* **Problem statement**
Copy out the whole listing exactly as given. Skip the pictures.

BEGIN Information provided

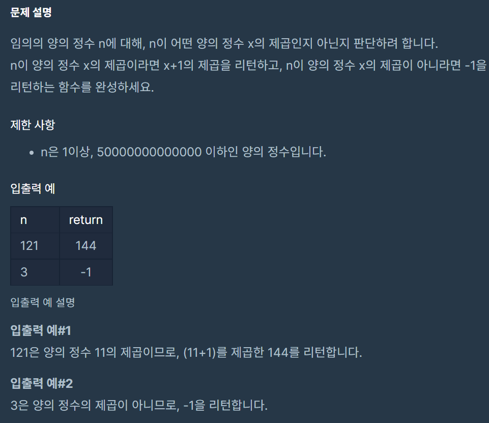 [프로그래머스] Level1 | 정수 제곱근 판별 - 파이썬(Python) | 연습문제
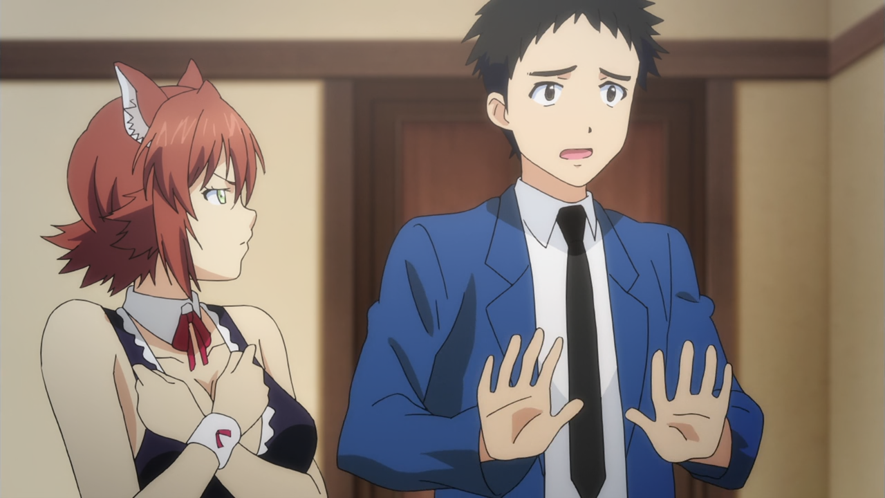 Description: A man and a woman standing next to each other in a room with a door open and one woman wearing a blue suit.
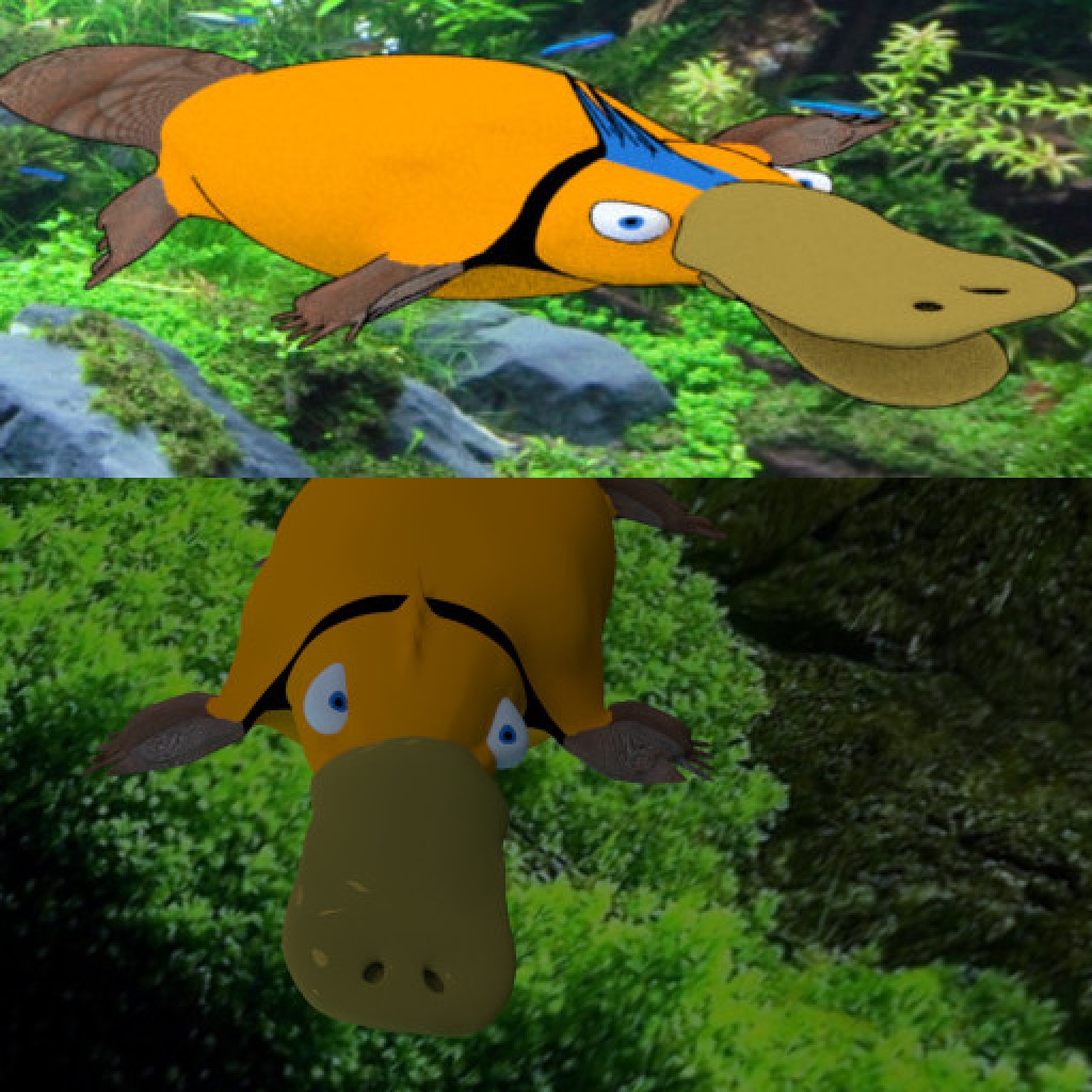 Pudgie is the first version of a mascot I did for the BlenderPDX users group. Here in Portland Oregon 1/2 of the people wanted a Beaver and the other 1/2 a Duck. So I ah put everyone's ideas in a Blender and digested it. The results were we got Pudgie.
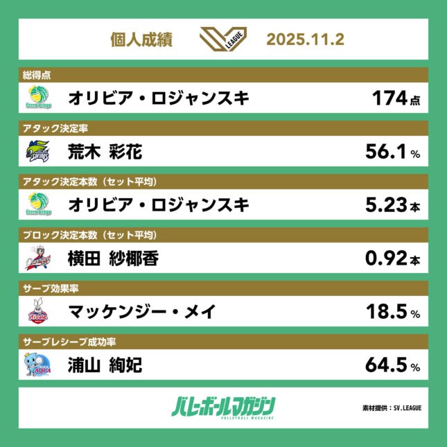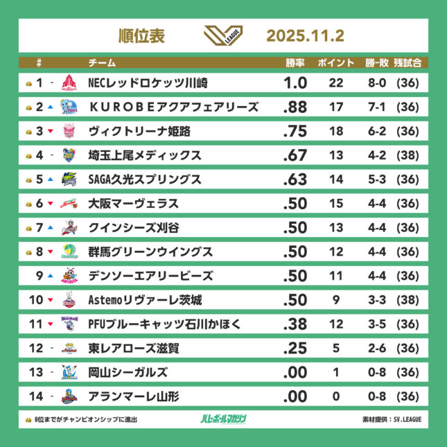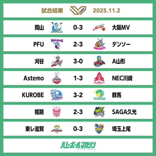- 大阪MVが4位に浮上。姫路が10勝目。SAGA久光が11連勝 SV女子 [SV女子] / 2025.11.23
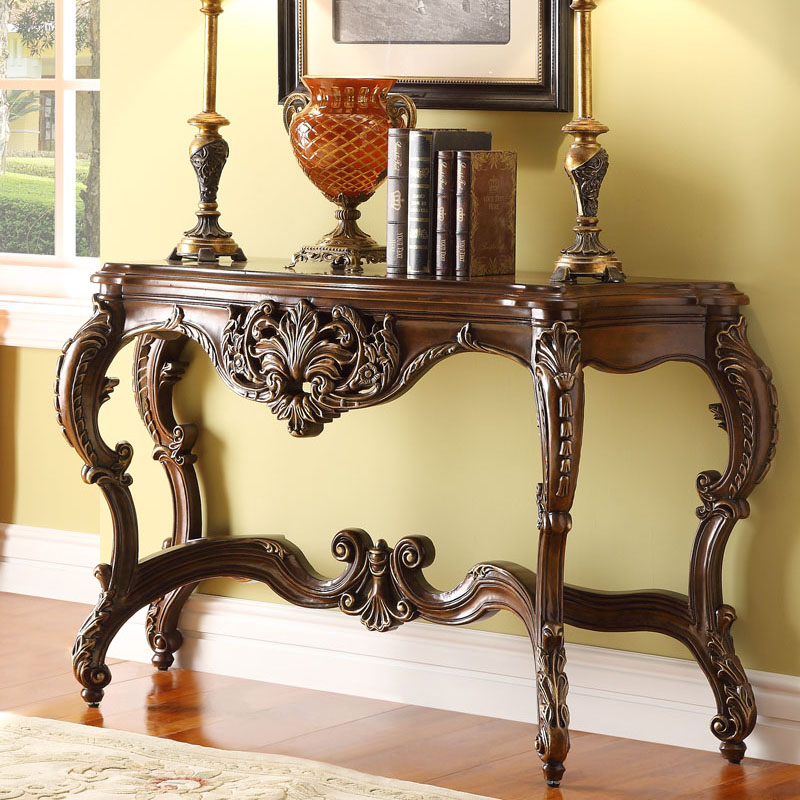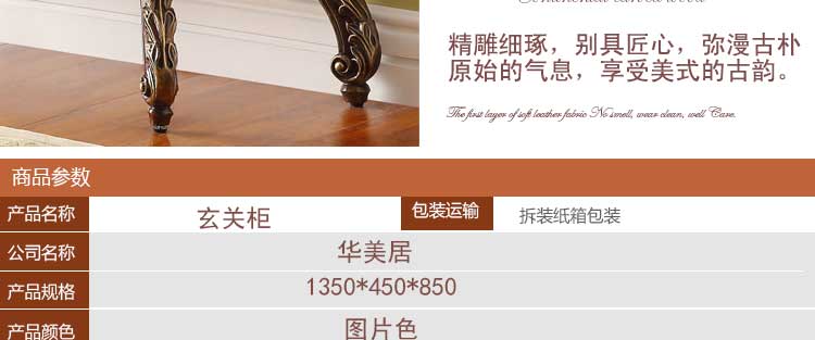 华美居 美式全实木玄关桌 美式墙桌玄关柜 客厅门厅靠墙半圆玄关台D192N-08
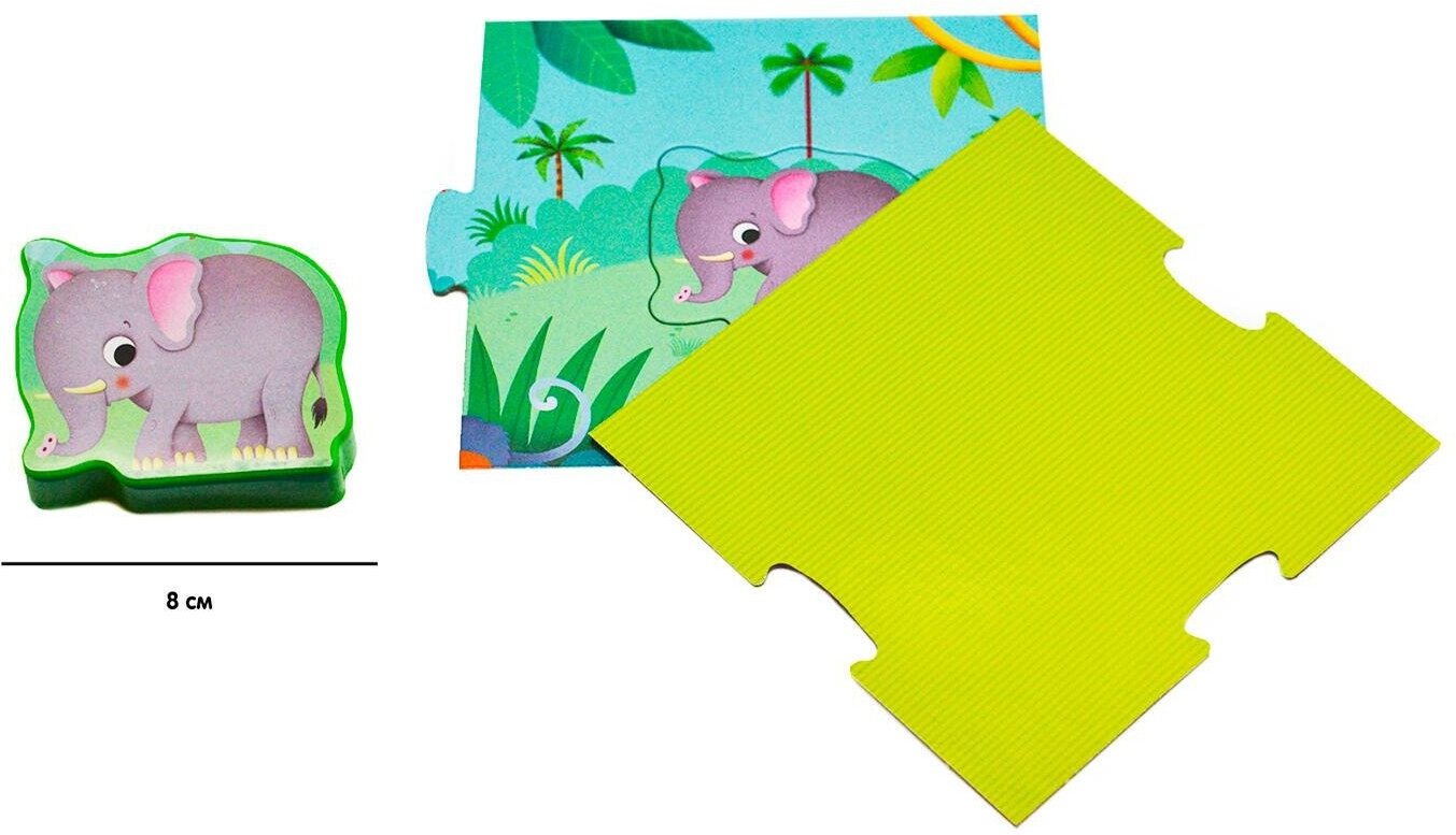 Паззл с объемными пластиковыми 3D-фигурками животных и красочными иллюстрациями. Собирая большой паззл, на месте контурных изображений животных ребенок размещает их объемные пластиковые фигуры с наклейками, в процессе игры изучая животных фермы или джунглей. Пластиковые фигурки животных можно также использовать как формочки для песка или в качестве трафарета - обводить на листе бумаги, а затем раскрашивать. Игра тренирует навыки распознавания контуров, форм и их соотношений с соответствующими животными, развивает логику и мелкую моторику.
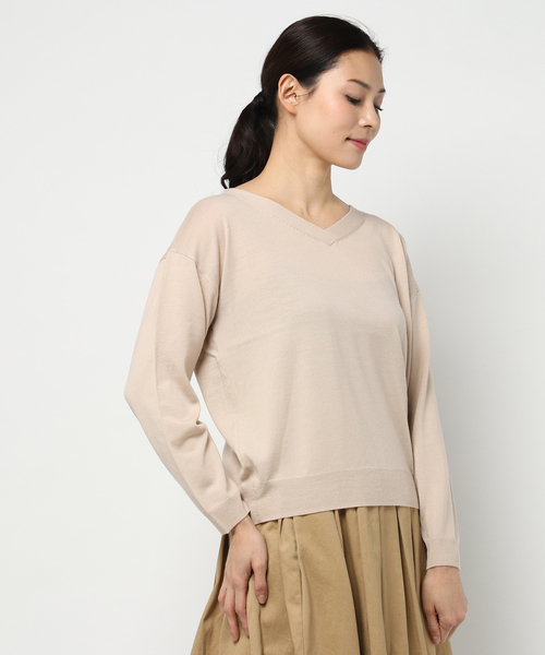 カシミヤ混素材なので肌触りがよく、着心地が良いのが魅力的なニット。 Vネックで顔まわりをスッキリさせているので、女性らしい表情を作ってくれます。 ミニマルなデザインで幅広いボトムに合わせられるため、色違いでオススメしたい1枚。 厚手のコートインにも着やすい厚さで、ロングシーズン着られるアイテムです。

END Information provided

* **Answer space**
 [프로그래머스] Level1 | 정수 제곱근 판별 - 파이썬(Python) | 연습문제
 Description: A man and a woman standing next to each other in a room with a door open and one woman wearing a blue suit.
 Pudgie is the first version of a mascot I did for the BlenderPDX users group. Here in Portland Oregon 1/2 of the people wanted a Beaver and the other 1/2 a Duck. So I ah put everyone's ideas in a Blender and digested it. The results were we got Pudgie.
- 大阪MVが4位に浮上。姫路が10勝目。SAGA久光が11連勝 SV女子 [SV女子] / 2025.11.23
 华美居 美式全实木玄关桌 美式墙桌玄关柜 客厅门厅靠墙半圆玄关台D192N-08
 Паззл с объемными пластиковыми 3D-фигурками животных и красочными иллюстрациями. Собирая большой паззл, на месте контурных изображений животных ребенок размещает их объемные пластиковые фигуры с наклейками, в процессе игры изучая животных фермы или джунглей. Пластиковые фигурки животных можно также использовать как формочки для песка или в качестве трафарета - обводить на листе бумаги, а затем раскрашивать. Игра тренирует навыки распознавания контуров, форм и их соотношений с соответствующими животными, развивает логику и мелкую моторику.
 カシミヤ混素材なので肌触りがよく、着心地が良いのが魅力的なニット。 Vネックで顔まわりをスッキリさせているので、女性らしい表情を作ってくれます。 ミニマルなデザインで幅広いボトムに合わせられるため、色違いでオススメしたい1枚。 厚手のコートインにも着やすい厚さで、ロングシーズン着られるアイテムです。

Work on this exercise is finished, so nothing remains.